Segment Open

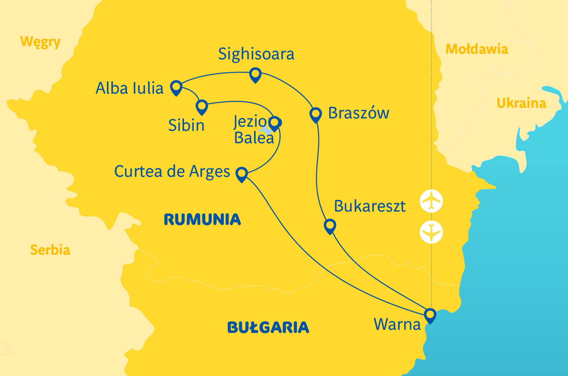 Bukurešť – „Paříž Balkánu“ • Solný důl Salina Prahova • Scheiova brána • Opevněné hrady • Muzeum mučení • Alba Julia – hlavní město Transylvánie • Hrad Hunedoara – jeden ze 7 divů Rumunska • Sibiu – město umělců • Železný most lhářů • Transfăgărășan
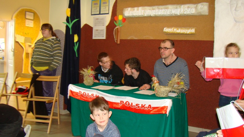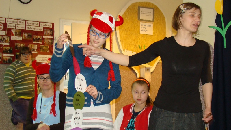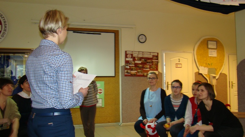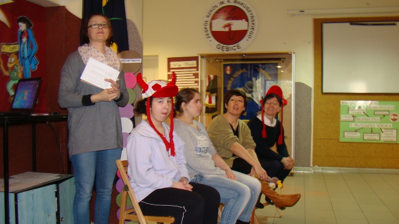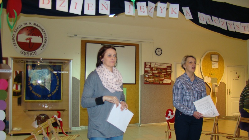 Aby przypomnieć o pięknie ojczystego języka na samym początku wyłoniono dwa zespoły, w skład których wchodzili nauczyciele i uczniowie naszej szkoły. Liderem jednej grupy była pani dyrektor szkoły, drugim zaś pani wicedyrektor. Oba zespoły łamały sobie język na skomplikowanych zdaniach. Zawodnicy układali wyrazy z jednego najdłuższego, odgadywali do kogo należy nagrany głos, próbowali odgadnąć tytuły polskich filmów po wysłuchaniu melodii, pochodzących ze znanych, polskich seriali. Zastanawiali się również nad poprawnością naszego codziennego języka. Nie można przecież „cofnąć się do przodu”, „zjeść pomarańcza” czy „spaść w dół”- a takie właśnie pomyłki zdarzają się w naszym języku mówionym.
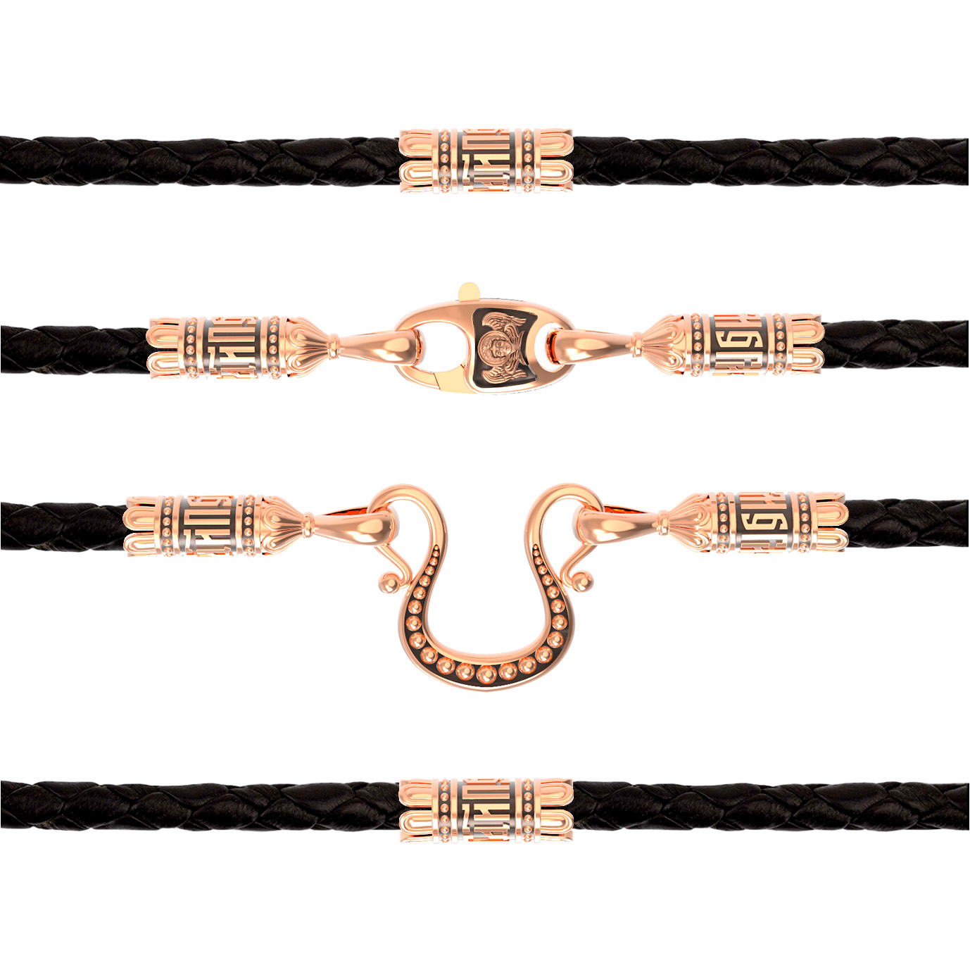 Цепь-шнурок кожа из красного золота 585 пробы c кожаным шнурком
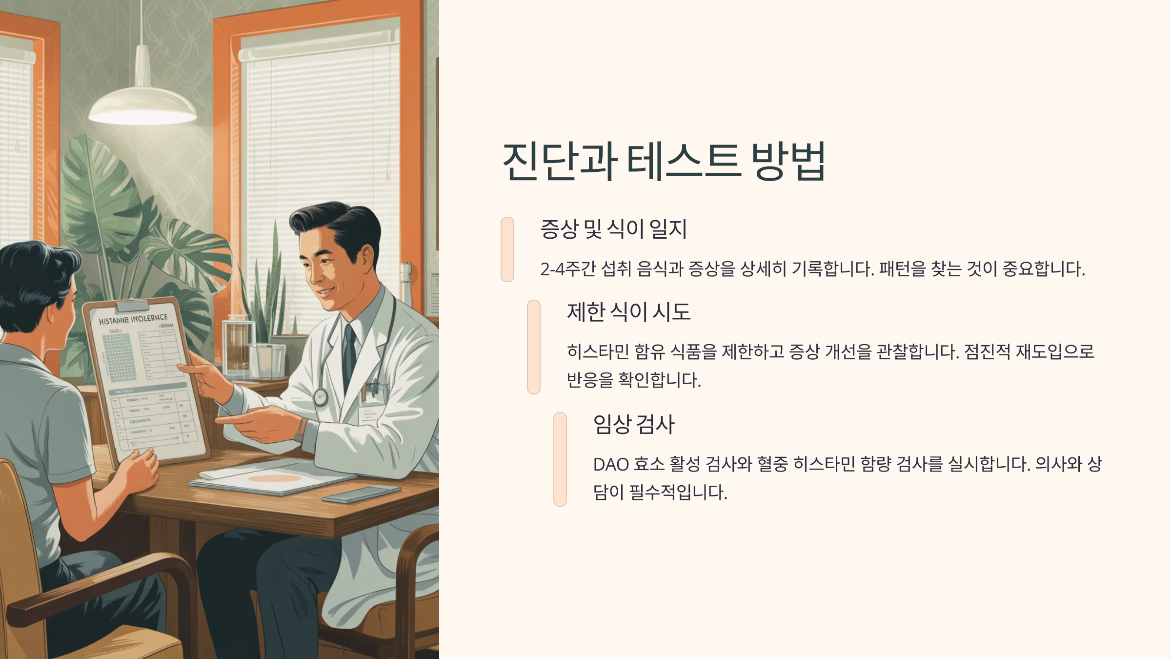 히스타민 불내증은 일반적인 병원 검사로는 쉽게 진단되지 않아요. 알레르기 검사나 혈액 검사에서는 아무 이상이 없다고 나오는 경우가 많기 때문에, 정확한 판단을 위해 여러 가지 단계를 거치는 것이 필요해요. 가장 중요한 건 '증상 + 식사반응 + 배제 테스트'의 조합이에요.

Segment Closed

## Your objective
A faithful transcription of the material, with no pictures, is the expected result.

## Solution to this exercise
 Bukurešť – „Paříž Balkánu“ • Solný důl Salina Prahova • Scheiova brána • Opevněné hrady • Muzeum mučení • Alba Julia – hlavní město Transylvánie • Hrad Hunedoara – jeden ze 7 divů Rumunska • Sibiu – město umělců • Železný most lhářů • Transfăgărășan
 Aby przypomnieć o pięknie ojczystego języka na samym początku wyłoniono dwa zespoły, w skład których wchodzili nauczyciele i uczniowie naszej szkoły. Liderem jednej grupy była pani dyrektor szkoły, drugim zaś pani wicedyrektor. Oba zespoły łamały sobie język na skomplikowanych zdaniach. Zawodnicy układali wyrazy z jednego najdłuższego, odgadywali do kogo należy nagrany głos, próbowali odgadnąć tytuły polskich filmów po wysłuchaniu melodii, pochodzących ze znanych, polskich seriali. Zastanawiali się również nad poprawnością naszego codziennego języka. Nie można przecież „cofnąć się do przodu”, „zjeść pomarańcza” czy „spaść w dół”- a takie właśnie pomyłki zdarzają się w naszym języku mówionym.
 Цепь-шнурок кожа из красного золота 585 пробы c кожаным шнурком
 히스타민 불내증은 일반적인 병원 검사로는 쉽게 진단되지 않아요. 알레르기 검사나 혈액 검사에서는 아무 이상이 없다고 나오는 경우가 많기 때문에, 정확한 판단을 위해 여러 가지 단계를 거치는 것이 필요해요. 가장 중요한 건 '증상 + 식사반응 + 배제 테스트'의 조합이에요.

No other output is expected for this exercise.